You are currently browsing the category archive for the ‘Random matrix theory’ category.

During the past week, while at Hawaii for the IEEE 802.11 interim, I happened to glance this NY times article. The story is about a New Hampshire professor Yitang Zhang coming out with a recent proof on establishing a finite bound on the gap between prime numbers.  While browsing the details, there are more details emerging as several pieces of blog and articles and reviews are being written (and some are still being written). Now, looks like the claim is more or less accepted by pundits in the field, and termed as a beautiful mathematical breakthrough. As an outsider sitting with curiosity, I feel nice to scratch the surface of this new finding.

The subject surrounding this news is number theory, prime numbers to be precise. The question of interest is on the gap between adjacent prime numbers. We know that $2$ and $3$ are prime with a gap of $1$, but this is truly a special case and unique per definition. The gap between $3$ and $5$ is 2. Similarly $5$ and $7$ differ by $2$. One may have thought that, the gap between successive primes go up as we flee along the number line. Not quite. For example, we can see that there are a lot of pairs with a gap of 2.  The easy ones are (3, 5), (5, 7), (11, 13), (17, 19), (29, 31), (41, 43), (59, 61), (71, 73), (101, 103), (107, 109), (137, 139) and the list goes on. It was conjectured that there are infinitely many such pairs, but the proof of that is not quite as easy as yet! It is known that there are precisely $808,675,888,577,436$ below $10^{18}$, but infinity is still a lot far from $10^{18}$! An interesting quest was to really prove that there are infinitely many twin primes, but this still remain as an open conjecture.

Now the new discovery by Zhang is not quite proving the twin conjecture, but a close relative of that. Twin conjectures are strictly about prime pairs separated by $2$. A related question is, how about prime pairs $p$ and $q$ which are separated by $k$ where $k$ could be a finite number. When $k=2$, then we have the  special case of the classical twin prime case. Can we at least prove mathematically that there exists infinitely many primes such as $(p,q=p+k)$ for some $k$. If so,  what is the smallest $k$ where this holds true? Zhang now has a proof that for $k$ as small as $70$ million. Mathematically, if we denote $p(n)$ is the $n$th prime, then the new claim says (stated crisply in the paper abstract),

$\lim_{n \to \infty} {} \left(p_{n+1}-p_{n}\right) <70 \times 10^{6}.$

$70$ million is still a large gap, but as Dorian Goldfeld says, is still finite and nothing compared to infinity! In future, it is not unlikely that  we may get to see this gap coming down and perhaps to the best case of $k=2$. Who knows?
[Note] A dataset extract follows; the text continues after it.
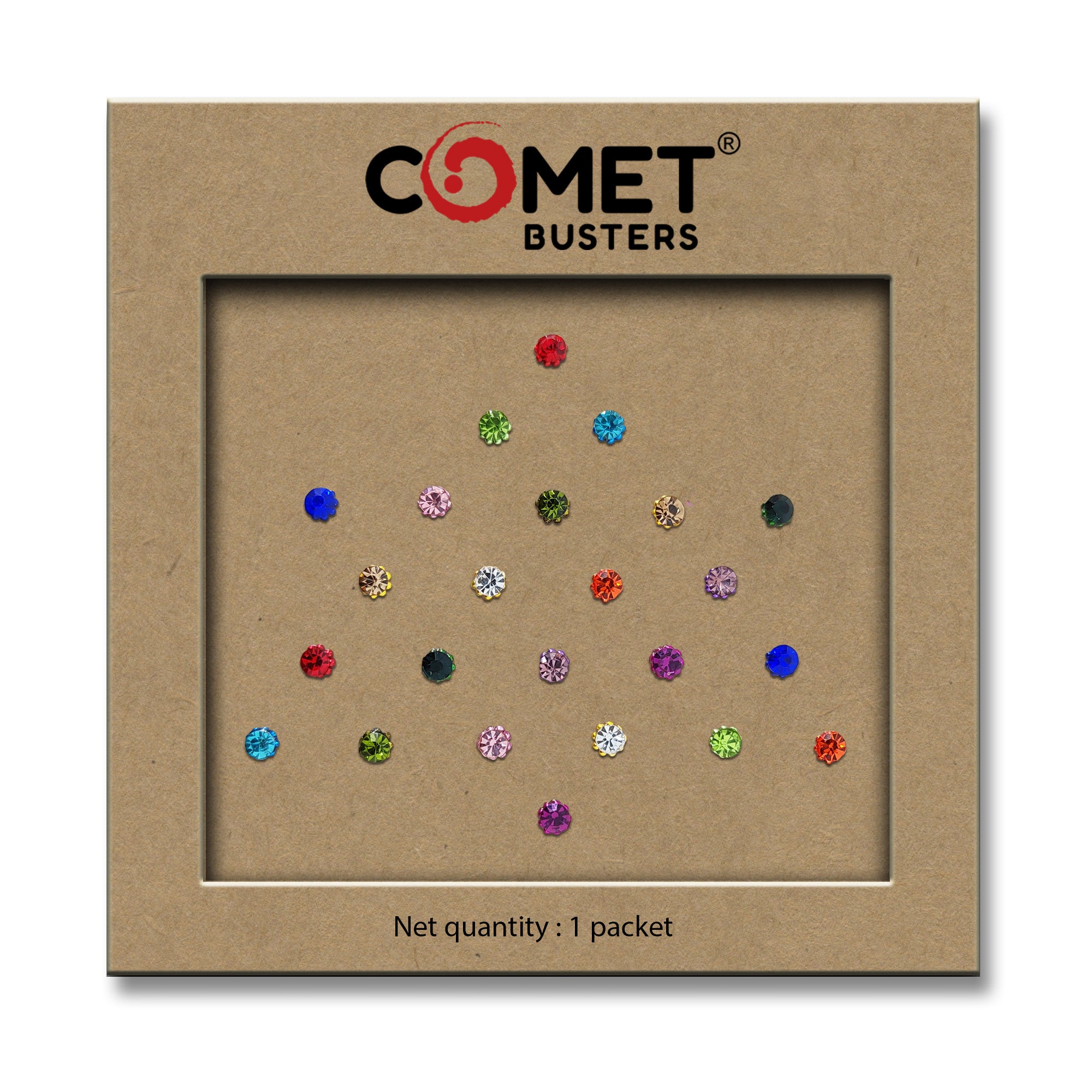 Comet Busters® Multicolor Diamond Dot – Diamond – Handcrafted, Reusable & Skin-Friendly Bindis for Casual Wear (3mm) – Forehead Bindi Stickers for Women & Girls – BIN006

The result is still interesting, even to general interesting folks like us. This kind of says that, the gap between prime numbers is worst case bounded by a finite number. If we really plot the prime numbers, then we will see a saturation like behavior!  Like many other things at asymptotic (for example, the eigenvalues of a large random matrices exhibit very interesting properties, when the size goes to infinity), things at infinity may exhibit some charm, after all!

The  paper is accessible here, but as expected the proof is hard (for me at least). Hopefully we will have some diluted explanation of its essence from experts in the coming days. Already,Terrence Tao had this sktech, a couple of weeks ago on his google+ feed. Over the last week or so, finer details on the new break through are still emerging. Terry Tao also has initiated an online Wiki collaboration in an effort to improve upon from this work (For experts that is, not for me!).

Congratulations Professor Zhang.

On a lighter note, here is a very interesting blog piece, bringing some sort of similarity to the giant component behaviour on a pile of staple pins. This is sort of a layman view of the Erdos Renyi explanation.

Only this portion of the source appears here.